• **WHAT TO PRODUCE**
Return the data below unchanged. Drop any pictures.

• **DATA SEGMENT**
*** Block opens ***

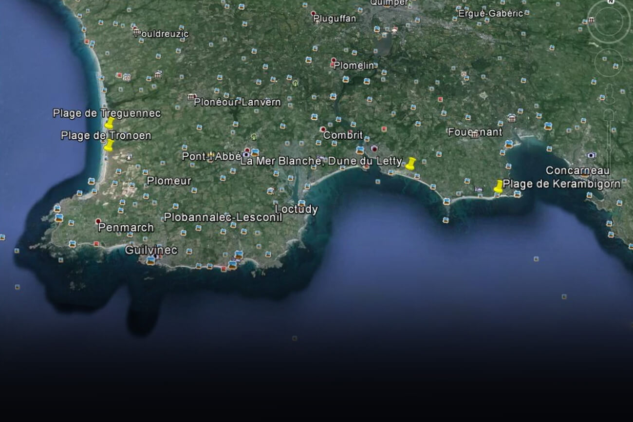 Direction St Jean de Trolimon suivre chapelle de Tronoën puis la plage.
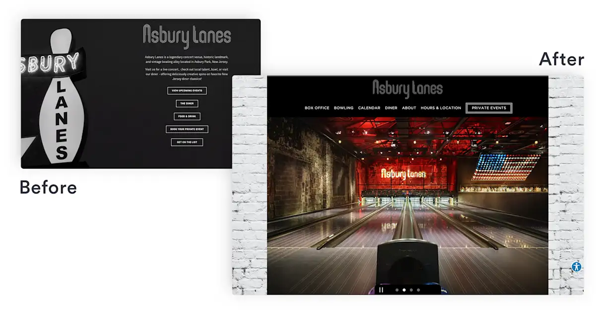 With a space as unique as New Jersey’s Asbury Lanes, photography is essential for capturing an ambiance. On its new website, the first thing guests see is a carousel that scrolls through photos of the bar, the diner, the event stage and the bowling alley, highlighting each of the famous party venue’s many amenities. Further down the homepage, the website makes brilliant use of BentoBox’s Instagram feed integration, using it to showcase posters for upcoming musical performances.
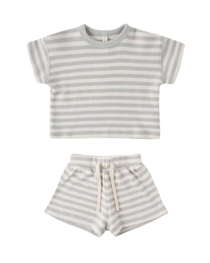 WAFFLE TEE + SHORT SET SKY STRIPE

*** Block closes ***

• **WORKED SOLUTION**
 Direction St Jean de Trolimon suivre chapelle de Tronoën puis la plage.
 With a space as unique as New Jersey’s Asbury Lanes, photography is essential for capturing an ambiance. On its new website, the first thing guests see is a carousel that scrolls through photos of the bar, the diner, the event stage and the bowling alley, highlighting each of the famous party venue’s many amenities. Further down the homepage, the website makes brilliant use of BentoBox’s Instagram feed integration, using it to showcase posters for upcoming musical performances.
 WAFFLE TEE + SHORT SET SKY STRIPE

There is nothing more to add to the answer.